Data extracts START

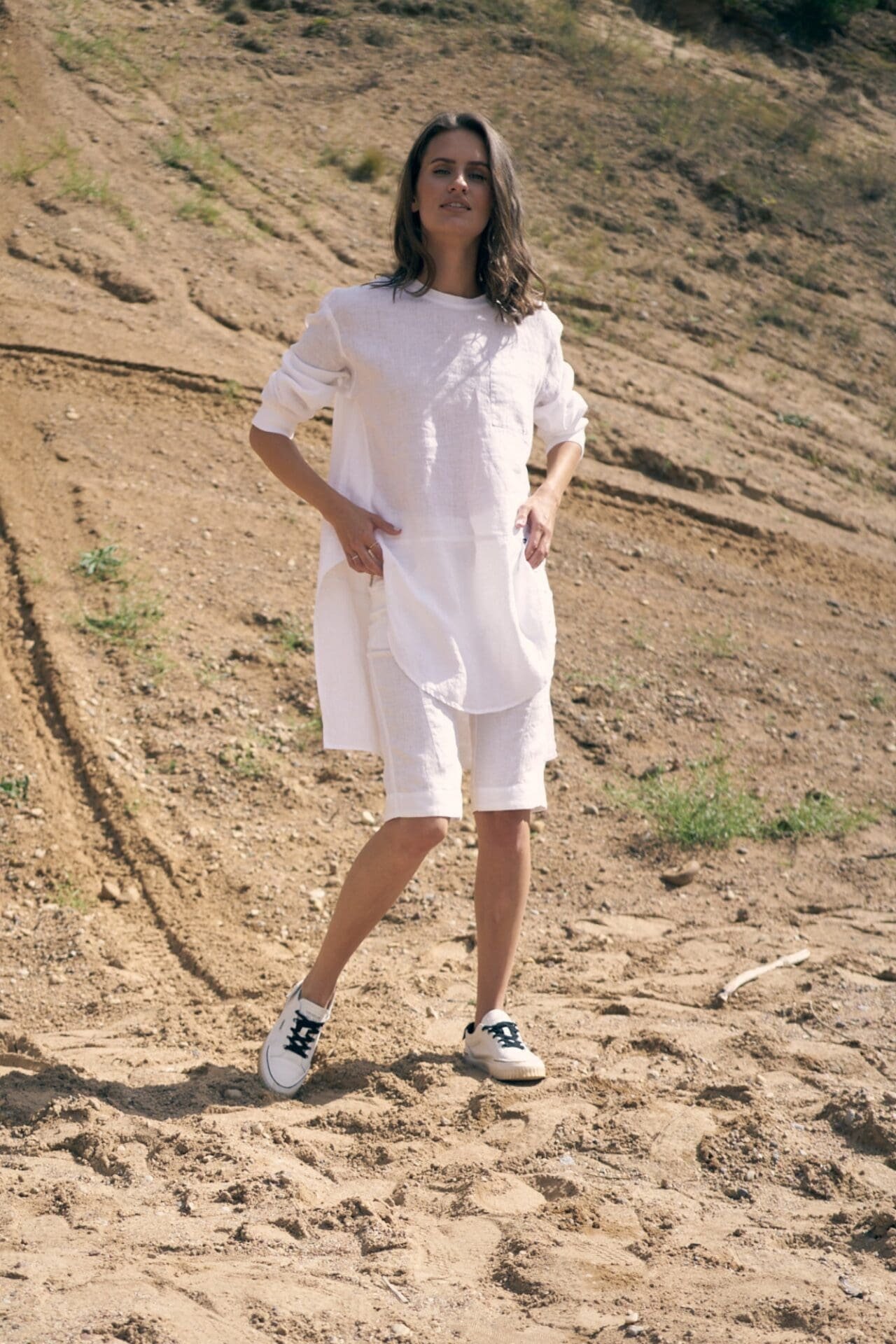 Pusilgiai, pagal figūrą suformuoti lininiai šortai. Patogus ir šiuolaikiškas pasirinkimas kasdienai.
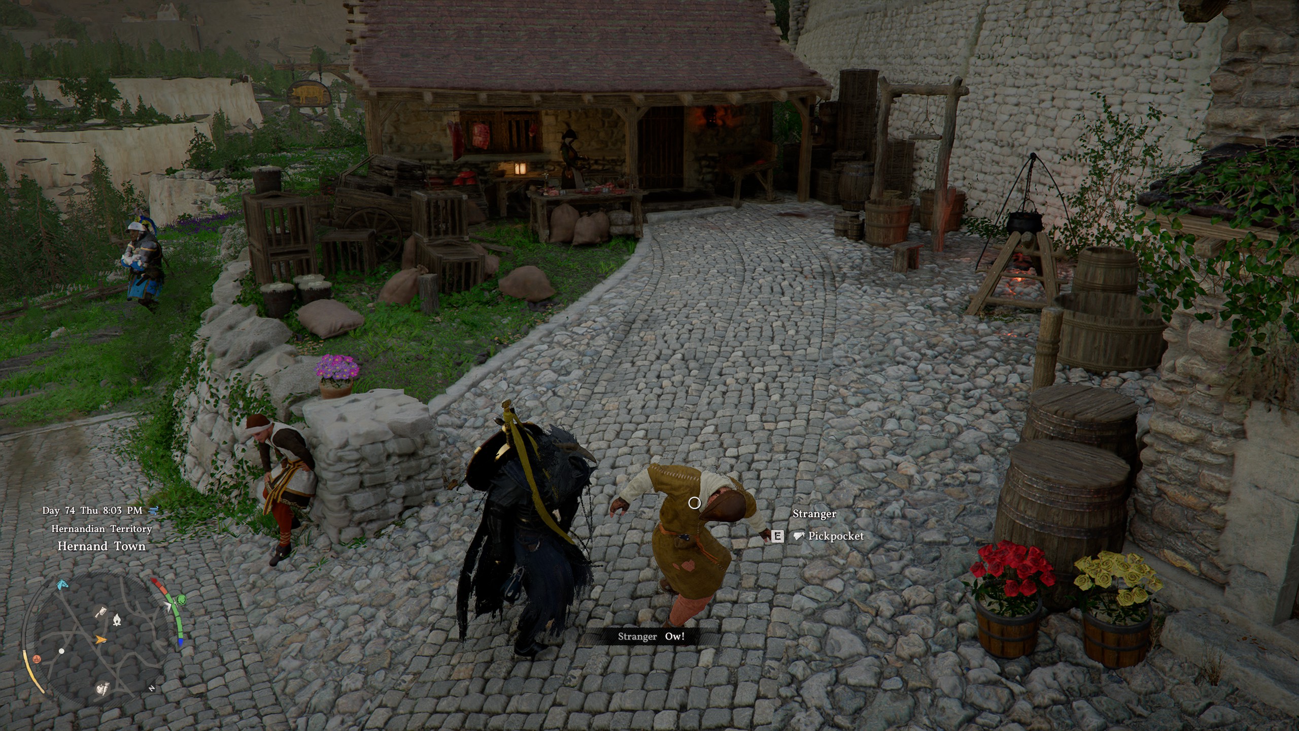 Once you have a mask, you simply have to bump into someone to pickpocket them. When you do, you’ll spot a little prompt that appears, either E on mouse and keyboard or X on controller, which lets you quickly pilfer an item from them. This is random, so you’ll often end up with somewhat useless stuff, but you’ll get better loot if you pickpocket nobles. You can even pickpocket gold bars from them, so it can be lucrative, RNG willing. You can find a load of nobles around the bank in Hernand, or at the various manors in the city limits, so be sure to try your luck.
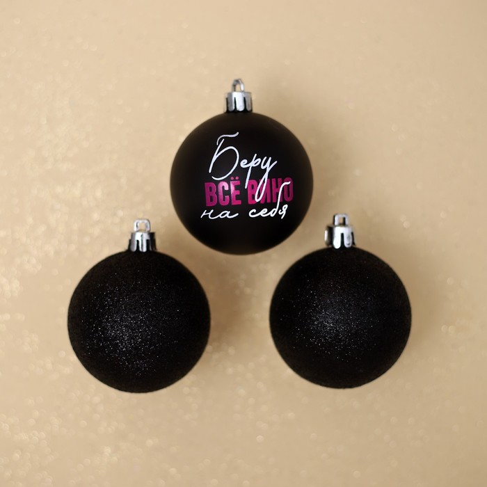 Шары ёлочные новогодние «Беру все вино на себя», пластик, d=6, 3 шт., чёрные — Характеристики
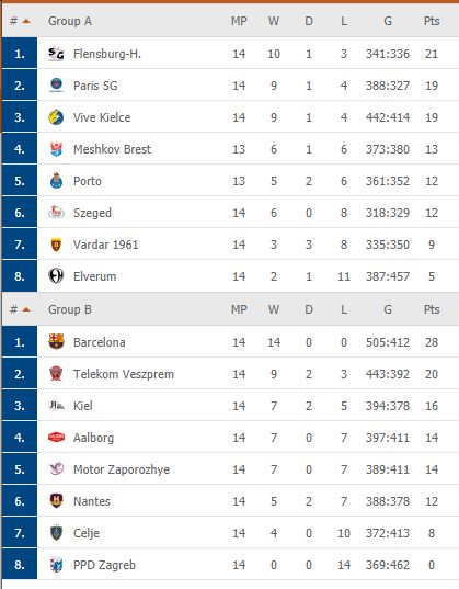 Jei B grupėje visas rungtynes laimėjusi „Barcelona“ pirmąją vietą užsitikrino dar prieš kelias savaites, tai A grupės nugalėtojai paaiškėjo tik paskutinėse rungtynėse akis į akį susitikus dviem lyderiams. Ketvirtadienį lemiamoje dvikovoje „Flensburg-Handewitt“ išvykoje nugalėjo „Kielce“ rankininkus 31:28 ir pakilo į viršutinę lentelės eilutę.
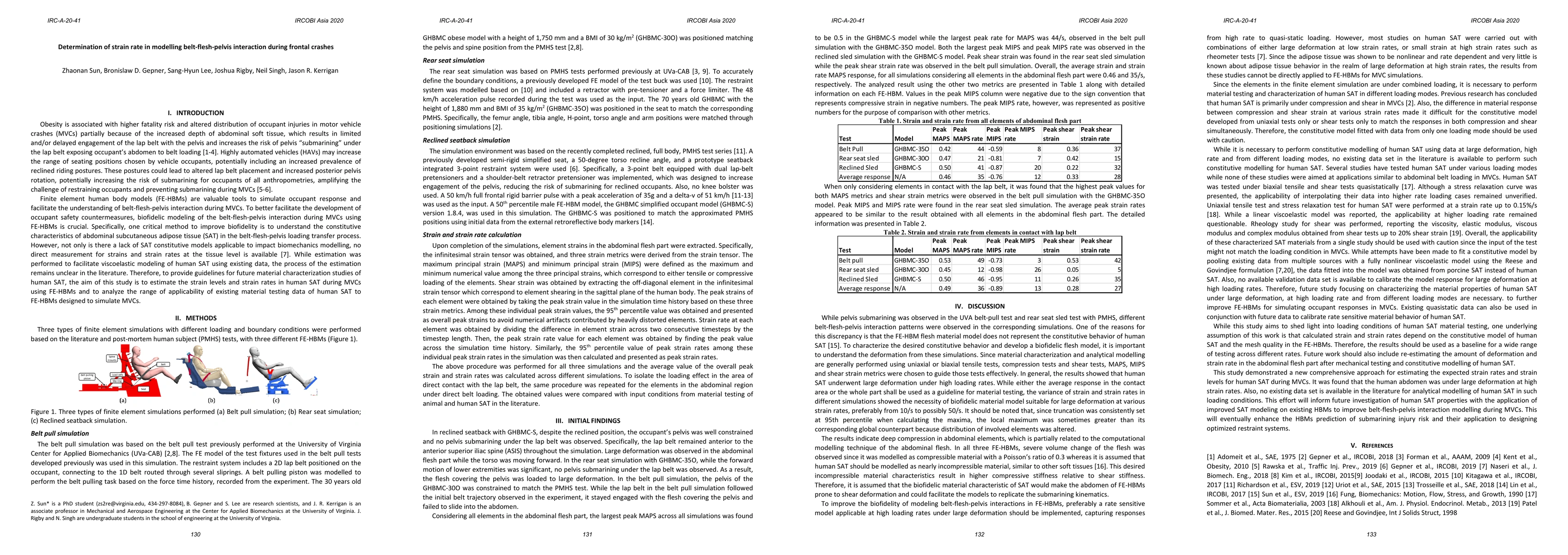 This study investigates how strain rate affects the interaction between the lap belt and the pelvis during frontal crashes, focusing on how obesity alters injury distribution due to delayed engagement and increased abdominal soft tissue depth. The findings aim to improve crash injury modeling for obese occupants.
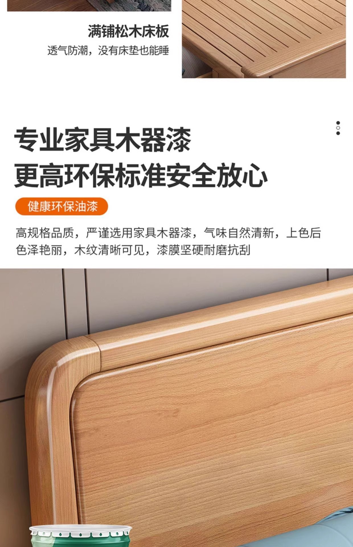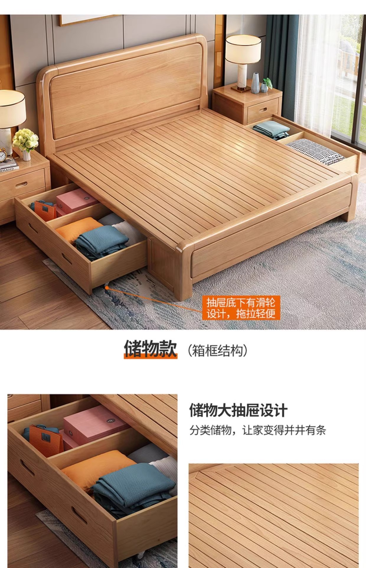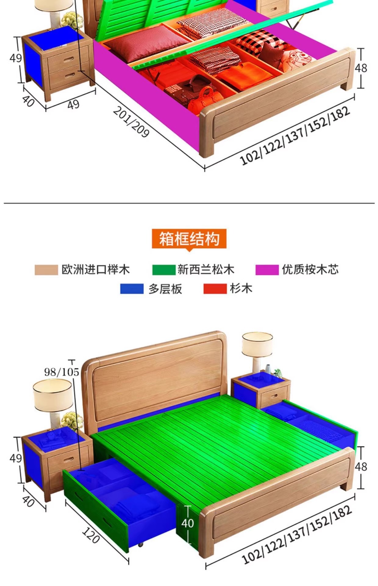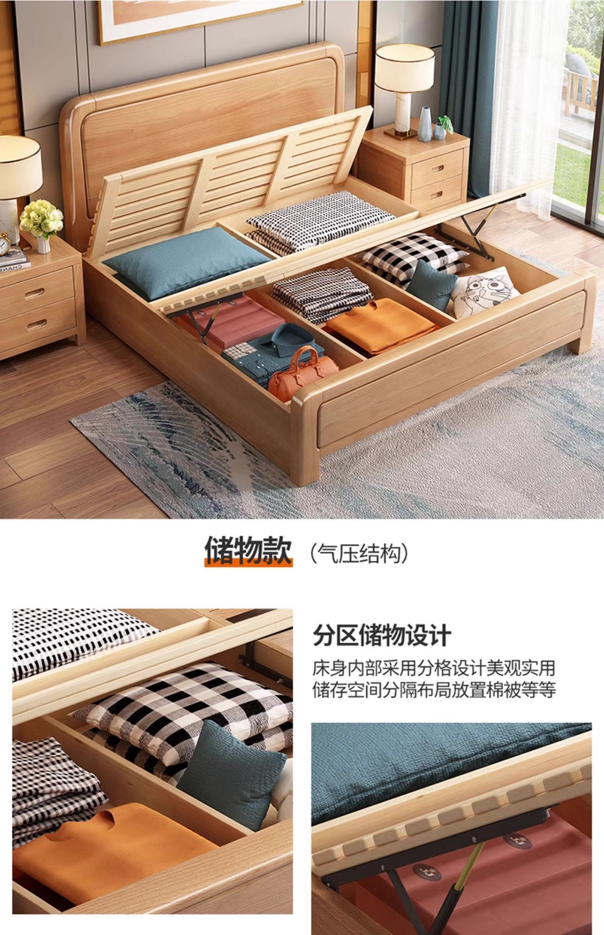 새로운 1.2m 로그 컬러 단단한 나무 침대 현대 미니멀리스트 너도밤 나무 침대 홈 1.8m 스토리지 공기 압력 높은 상자 웨딩 침대스토어 가기
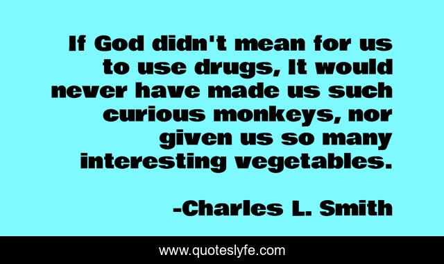 This page presents the quote "If God didn't mean for us to use drugs, It would never have made us such curious monkeys, nor given us so many interesting vegetables.". Author of this quote is Charles L. Smith. This quote is about drugs, god, vegetables,.

Data extracts END

Instructions for the task -> Pictures stay out. Return exactly the lines from the one with "새로운 1.2m 로그" through the last line of the data.

Answer to this problem ->
 새로운 1.2m 로그 컬러 단단한 나무 침대 현대 미니멀리스트 너도밤 나무 침대 홈 1.8m 스토리지 공기 압력 높은 상자 웨딩 침대스토어 가기
 This page presents the quote "If God didn't mean for us to use drugs, It would never have made us such curious monkeys, nor given us so many interesting vegetables.". Author of this quote is Charles L. Smith. This quote is about drugs, god, vegetables,.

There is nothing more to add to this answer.